# What this task involves:
All that is needed is the first stretch of the listing below, repeated exactly and ending with the line that contains "Stand out with". Pictures are to be left out.

# Data under study:
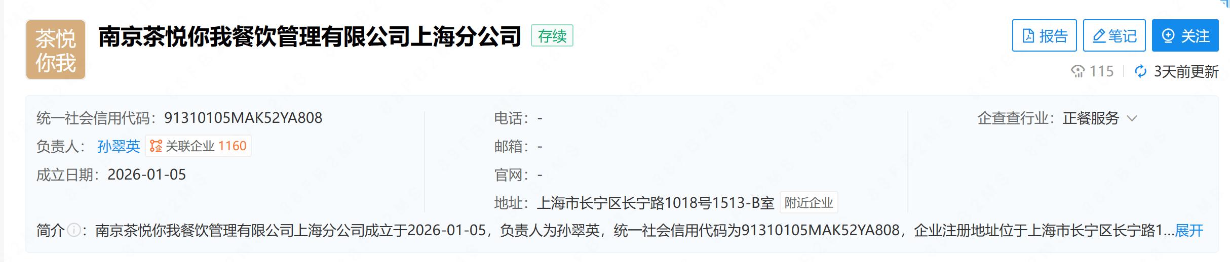 另据天眼查,1月5日,南京茶悦你我餐饮管理有限公司(下称“南京茶悦”)在上海成立分公司,经营范围涉及餐饮服务、食品互联网销售、食品销售、餐饮管理、企业总部管理等。南京茶悦成立于2022年,由茶颜悦色母公司——湖南茶悦文化产业发展集团有限公司全资持股,同年,茶颜悦色在南京开出门店,首次进入江浙沪市场。
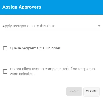 | Queue recipients if all in order | Slide Button | No | If you plan to assign multiple recipients and have them complete the task in a specific order turn this on. When selecting recipients in the next step, make sure to select "Each in Order" at the top of the Recipients dialog box. You'll then select the recipients in the order they should be assigned. |
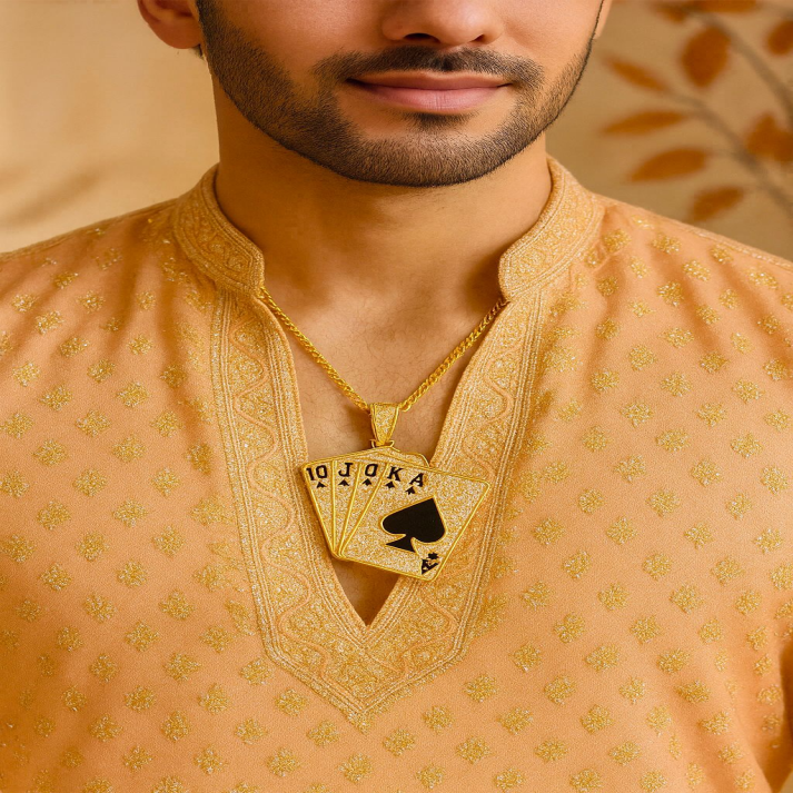 Stand out with this bold Poker Cards Pendant, featuring a royal flush design (10, J, Q, K, A of Spades) in gold with dazzling diamonds. A statement piece for men who love luxury and winning style. Perfect for parties, gifting & everyday glam.
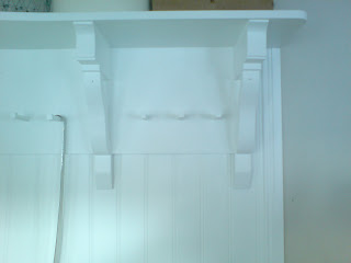 Tre konsoller för att den ska se rejäl ut!! bakom hyllan sitter skivor med pärlspont för att allt ska se ut som en möbel.
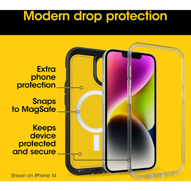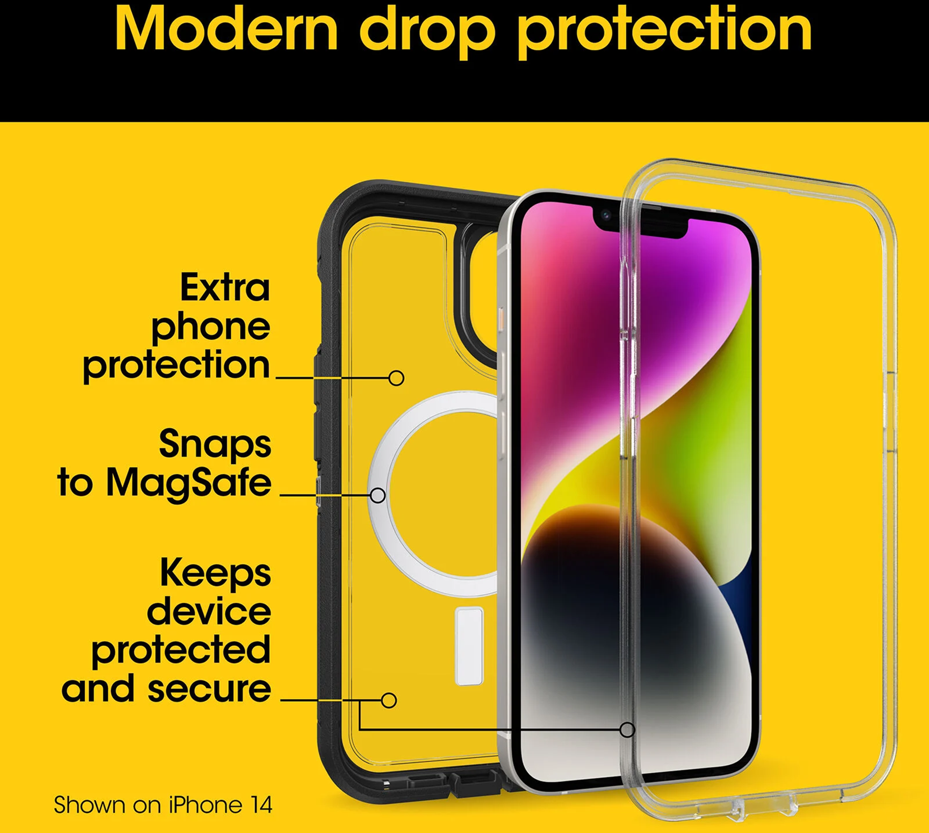 Looking for legendary protection? You’ve found it with the rugged MagSafe iPhone 15 case, Defender Series XT. The premium rugged design displays clean lines with a comfortable grip that guards your iPhone against serious drops, dirt, scrapes and bumps. And, built-in magnets snap to MagSafe chargers and accessories.
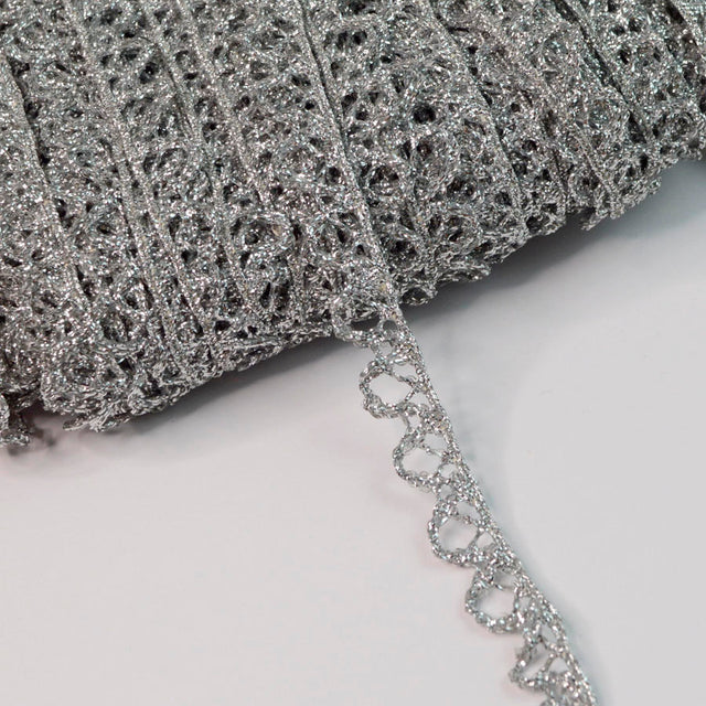 Add a touch of sparkle to your projects with our 10mm wide metallic silver lurex lace trim with a scalloped edge. Perfect for dressmaking, upholstery, gift wrapping and crafting.
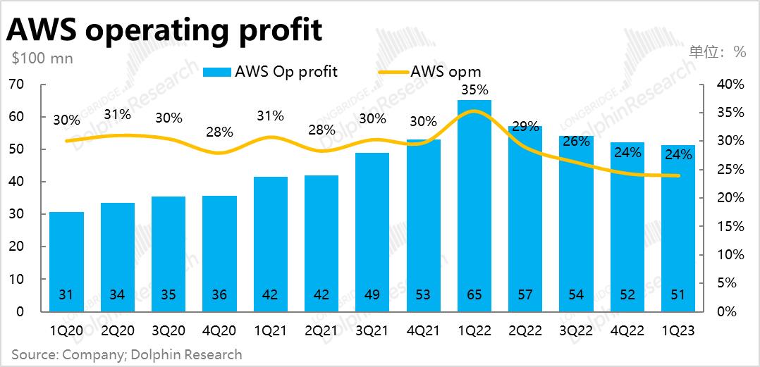 利润方面,本季AWS实现经营利润51.2亿美元,经营利润率环比维持在24%,没有再显著下滑,但也无任何超预期之处。从预期差的角度,AWS并没增量的坏消息,但从业绩趋势上,滑落仍在继续。

# Answer to this problem:
 另据天眼查,1月5日,南京茶悦你我餐饮管理有限公司(下称“南京茶悦”)在上海成立分公司,经营范围涉及餐饮服务、食品互联网销售、食品销售、餐饮管理、企业总部管理等。南京茶悦成立于2022年,由茶颜悦色母公司——湖南茶悦文化产业发展集团有限公司全资持股,同年,茶颜悦色在南京开出门店,首次进入江浙沪市场。
 | Queue recipients if all in order | Slide Button | No | If you plan to assign multiple recipients and have them complete the task in a specific order turn this on. When selecting recipients in the next step, make sure to select "Each in Order" at the top of the Recipients dialog box. You'll then select the recipients in the order they should be assigned. |
 Stand out with this bold Poker Cards Pendant, featuring a royal flush design (10, J, Q, K, A of Spades) in gold with dazzling diamonds. A statement piece for men who love luxury and winning style. Perfect for parties, gifting & everyday glam.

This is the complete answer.